Вот ведь мерзавец! Именно по этим улочкам меня вчера водил Серый! Уж не сюда ли вход искал? Видимо, он был завален, чтобы не залезали добрые люди. Или чтобы не вылезали злые.
Пол основательно утопан. То тут, то там виднелись пазы для факелов, чад на стенах выдавал светлое прошлое коридоров, а редкие деревянные двери, хоть и выглядели немолодыми, явно не раз подновлялись. Раньше это место кипело жизнью, но сейчас обитатели покинули родные стены — большинство дверей криво висело на петлях, иные перечеркивала паутина, а в пазах для факелов торчали обгорелые остовья.
Брошенные дома выглядят так жутко. Печально. Будто некогда полное жизни существо разлагается у всех на виду, но никому нет дела. В такие дома не каждый решится войти, как не каждый согласится подойти к постели умирающего.

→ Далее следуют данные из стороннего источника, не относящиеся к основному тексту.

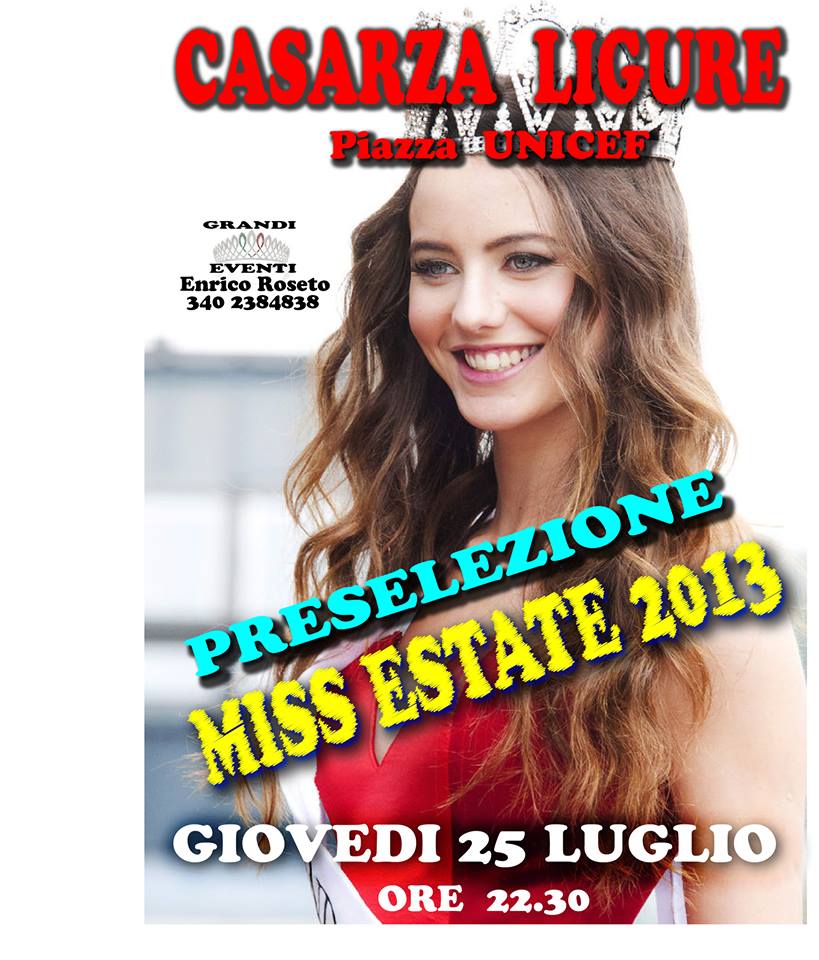 GIOVEDI' 25 LUGLIO 2013 IN OCCASIONE DELLA PRESELEZIONE DI MISS ESTATE 2013 A CASARZA LIGURE (GENOVA) ESPORREMO LE NOSTRE FISARMONICHE TEKNOFISA DURANTE L'INTERA MANIFESTAZIONE.

Но стоит заглянуть в язвенный проём двери, как нутром ощущаешь благодарный вздох. Дома умирают медленно и мучительно. И они благодарны за каждого гостя, за каждый взгляд, каждую доброю мысль.
Этот дом был именно таким. Он умирал.
Я потянула мужа за рукав:
— Ничего мне сказать не хочешь?
— А ты? — невозмутимо ответствовал муж. — Правду за правду?
— Я устроила переполох в харчевне, потому что нечем было платить за обед. Кстати, вкусный. Но это исключительно твоя вина, — как великую тайну сообщила я.
— Я шёл-шёл и нашел подкоп. Видимо, военный, — не моргнув глазом соврал Серый, — дай, думаю, погуляю.
— Подкоп?
— Ну да.
— Военный?
— Ага.
— Погуляю?
— А то!
— Дай, думаю, погуляю по предположительно подкопу к городу, укрепленному не хуже жилых домов, явно когда-то обитаемому и до сих пор никем не используемому?
— Неубедительно?
— Вообще ни разу.
Серый умоляюще посмотрел на меня, всю такую (с моей точки зрения) уверенную и строгую, а на самом деле напуганную и несчастную:
— Это мой дом.
Где-то в Городище у Серого должен быть дом, это понятно. Нас постоянно преследовали, и о том, чтобы жить в столице, не могло быть и речи. По крайней мере, муж меня в этом убеждал. И я верила. Теперь верю ещё больше, потому что погони погонями, а провести жизнь в катакомбах я не хочу.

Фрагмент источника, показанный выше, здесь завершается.